TASK PROMPT → Do not repeat pictures. Repeat exactly the lines of the listing below from its first line through the line with "og Oliver Kahn.".

EXTRACTED MATERIAL →
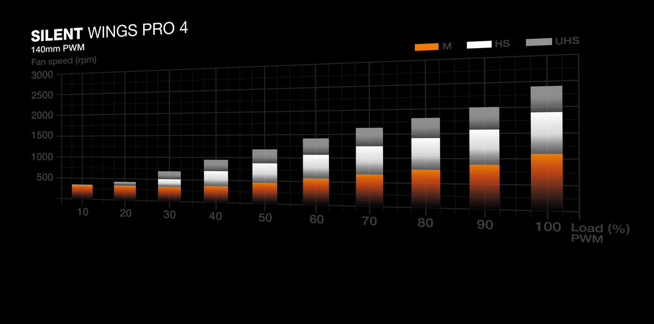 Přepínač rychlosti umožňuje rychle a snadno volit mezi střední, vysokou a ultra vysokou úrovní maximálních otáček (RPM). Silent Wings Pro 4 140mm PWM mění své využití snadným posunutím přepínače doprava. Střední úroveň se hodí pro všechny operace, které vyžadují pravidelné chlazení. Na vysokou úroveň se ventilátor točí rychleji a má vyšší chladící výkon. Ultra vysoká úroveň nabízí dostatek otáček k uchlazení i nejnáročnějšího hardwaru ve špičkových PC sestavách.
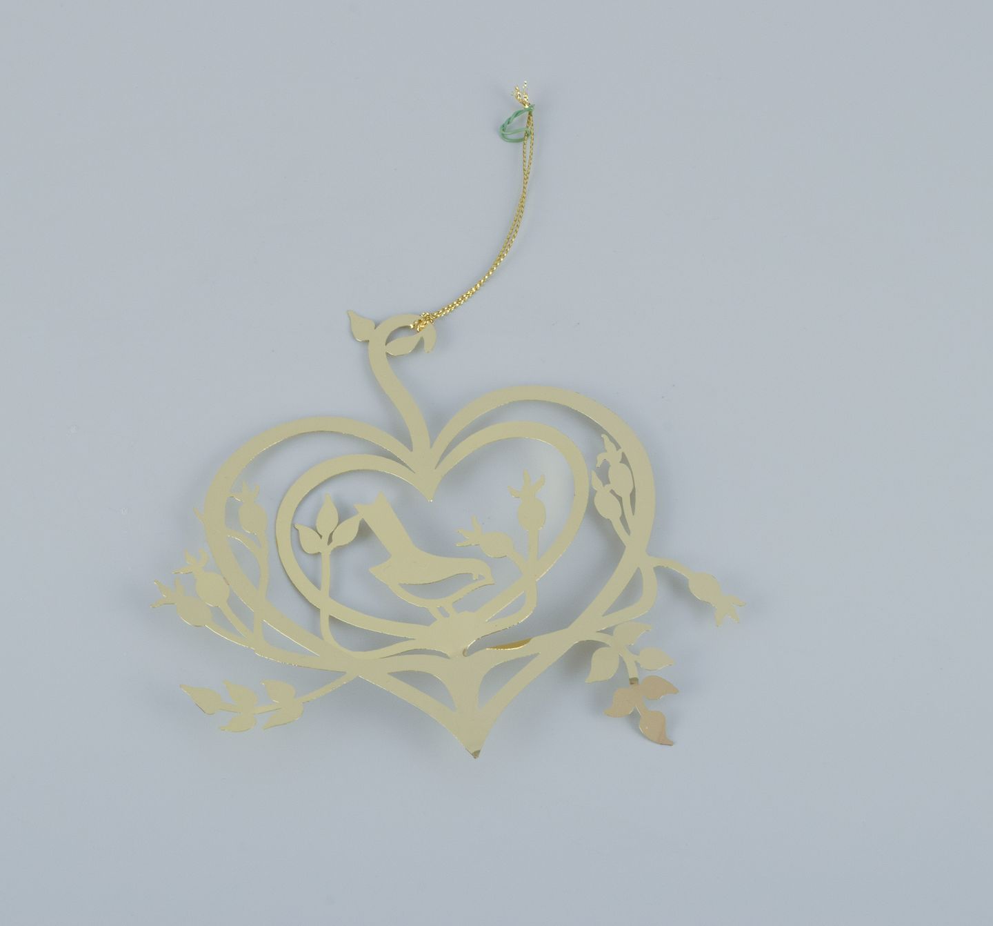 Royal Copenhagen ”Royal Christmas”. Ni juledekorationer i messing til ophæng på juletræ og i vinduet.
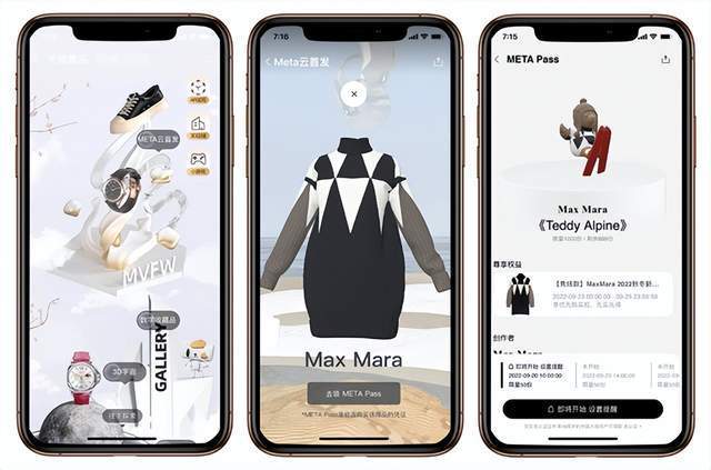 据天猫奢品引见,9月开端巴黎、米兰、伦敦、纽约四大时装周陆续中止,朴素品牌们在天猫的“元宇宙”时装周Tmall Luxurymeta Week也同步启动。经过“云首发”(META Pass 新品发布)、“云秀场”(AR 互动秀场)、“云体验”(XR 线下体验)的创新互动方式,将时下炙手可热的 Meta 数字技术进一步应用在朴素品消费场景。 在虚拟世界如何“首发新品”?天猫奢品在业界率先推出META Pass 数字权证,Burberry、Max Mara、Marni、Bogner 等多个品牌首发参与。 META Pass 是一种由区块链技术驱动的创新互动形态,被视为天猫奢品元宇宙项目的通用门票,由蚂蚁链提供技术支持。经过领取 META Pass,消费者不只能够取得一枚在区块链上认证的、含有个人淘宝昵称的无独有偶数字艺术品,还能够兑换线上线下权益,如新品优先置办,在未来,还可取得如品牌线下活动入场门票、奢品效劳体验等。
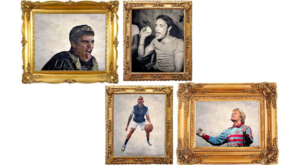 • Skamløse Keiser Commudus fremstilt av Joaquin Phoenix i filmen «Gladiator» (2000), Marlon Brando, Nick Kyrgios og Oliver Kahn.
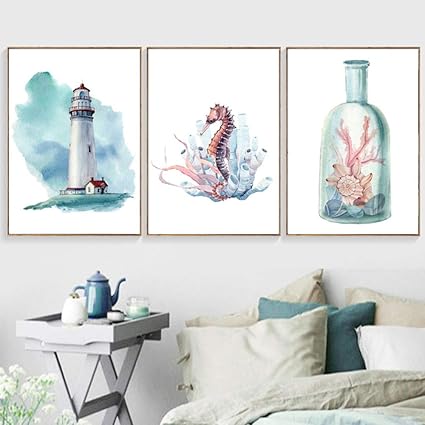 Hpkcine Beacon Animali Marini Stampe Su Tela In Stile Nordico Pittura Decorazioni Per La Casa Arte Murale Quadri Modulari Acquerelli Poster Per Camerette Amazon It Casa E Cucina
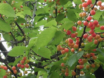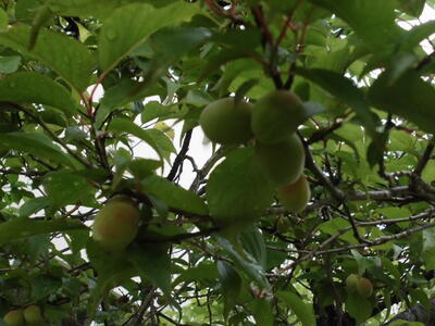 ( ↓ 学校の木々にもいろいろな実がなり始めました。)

PROBLEM SOLUTION →
 Přepínač rychlosti umožňuje rychle a snadno volit mezi střední, vysokou a ultra vysokou úrovní maximálních otáček (RPM). Silent Wings Pro 4 140mm PWM mění své využití snadným posunutím přepínače doprava. Střední úroveň se hodí pro všechny operace, které vyžadují pravidelné chlazení. Na vysokou úroveň se ventilátor točí rychleji a má vyšší chladící výkon. Ultra vysoká úroveň nabízí dostatek otáček k uchlazení i nejnáročnějšího hardwaru ve špičkových PC sestavách.
 Royal Copenhagen ”Royal Christmas”. Ni juledekorationer i messing til ophæng på juletræ og i vinduet.
 据天猫奢品引见,9月开端巴黎、米兰、伦敦、纽约四大时装周陆续中止,朴素品牌们在天猫的“元宇宙”时装周Tmall Luxurymeta Week也同步启动。经过“云首发”(META Pass 新品发布)、“云秀场”(AR 互动秀场)、“云体验”(XR 线下体验)的创新互动方式,将时下炙手可热的 Meta 数字技术进一步应用在朴素品消费场景。 在虚拟世界如何“首发新品”?天猫奢品在业界率先推出META Pass 数字权证,Burberry、Max Mara、Marni、Bogner 等多个品牌首发参与。 META Pass 是一种由区块链技术驱动的创新互动形态,被视为天猫奢品元宇宙项目的通用门票,由蚂蚁链提供技术支持。经过领取 META Pass,消费者不只能够取得一枚在区块链上认证的、含有个人淘宝昵称的无独有偶数字艺术品,还能够兑换线上线下权益,如新品优先置办,在未来,还可取得如品牌线下活动入场门票、奢品效劳体验等。
 • Skamløse Keiser Commudus fremstilt av Joaquin Phoenix i filmen «Gladiator» (2000), Marlon Brando, Nick Kyrgios og Oliver Kahn.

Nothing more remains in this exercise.